[[ Collected material open ]]

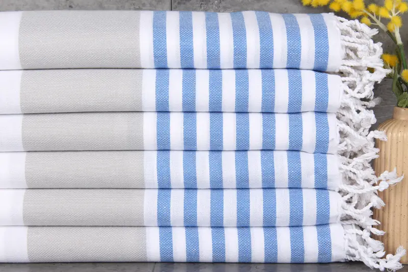 The Monogrammed Beach Towel is characterized by its 100% organic Turkish cotton composition, ensuring superior absorbency and durability. Each towel measures 40x71 inches or 100x180 centimeters, with a weight of 280 grams, and exhibits hand-weaving tolerances of 1-2.5 cm. The customization process allows for monogrammed embroidery, and all towels are pre-shrunk to maintain shape and size.
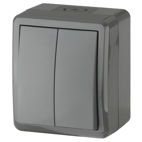Выключатель влагозащищённый IP54 2-клавишный серии Эра Эксперт открытой уст. цвет серый 11-1404-03. Номинальные характеристики. Выключатель выполнен из качественного поликарбоната, оснащён уникальными винтовыми клеммами ЭКСПЕРТ для максимально качественного зажима кабеля в механизме.
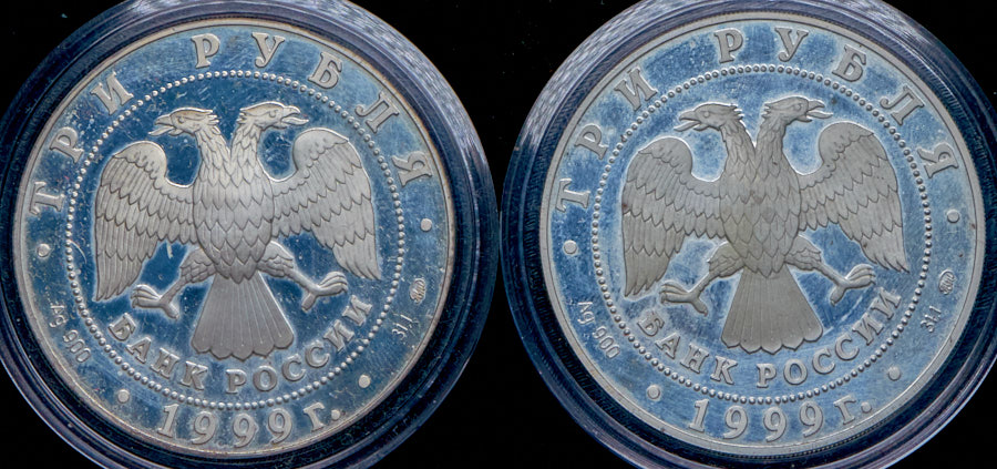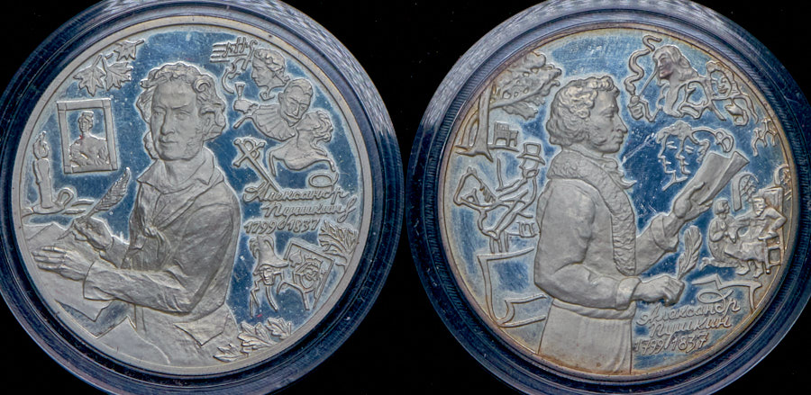 Набор из 2 сер. монет 3 рубля 1999 "Пушкин А.С., 200 лет со дня рождения" ММД

[[ Collected material closed ]]

# Task directions
Set the pictures aside and transcribe the data above exactly.

# Answer area
 The Monogrammed Beach Towel is characterized by its 100% organic Turkish cotton composition, ensuring superior absorbency and durability. Each towel measures 40x71 inches or 100x180 centimeters, with a weight of 280 grams, and exhibits hand-weaving tolerances of 1-2.5 cm. The customization process allows for monogrammed embroidery, and all towels are pre-shrunk to maintain shape and size.
Выключатель влагозащищённый IP54 2-клавишный серии Эра Эксперт открытой уст. цвет серый 11-1404-03. Номинальные характеристики. Выключатель выполнен из качественного поликарбоната, оснащён уникальными винтовыми клеммами ЭКСПЕРТ для максимально качественного зажима кабеля в механизме.
 Набор из 2 сер. монет 3 рубля 1999 "Пушкин А.С., 200 лет со дня рождения" ММД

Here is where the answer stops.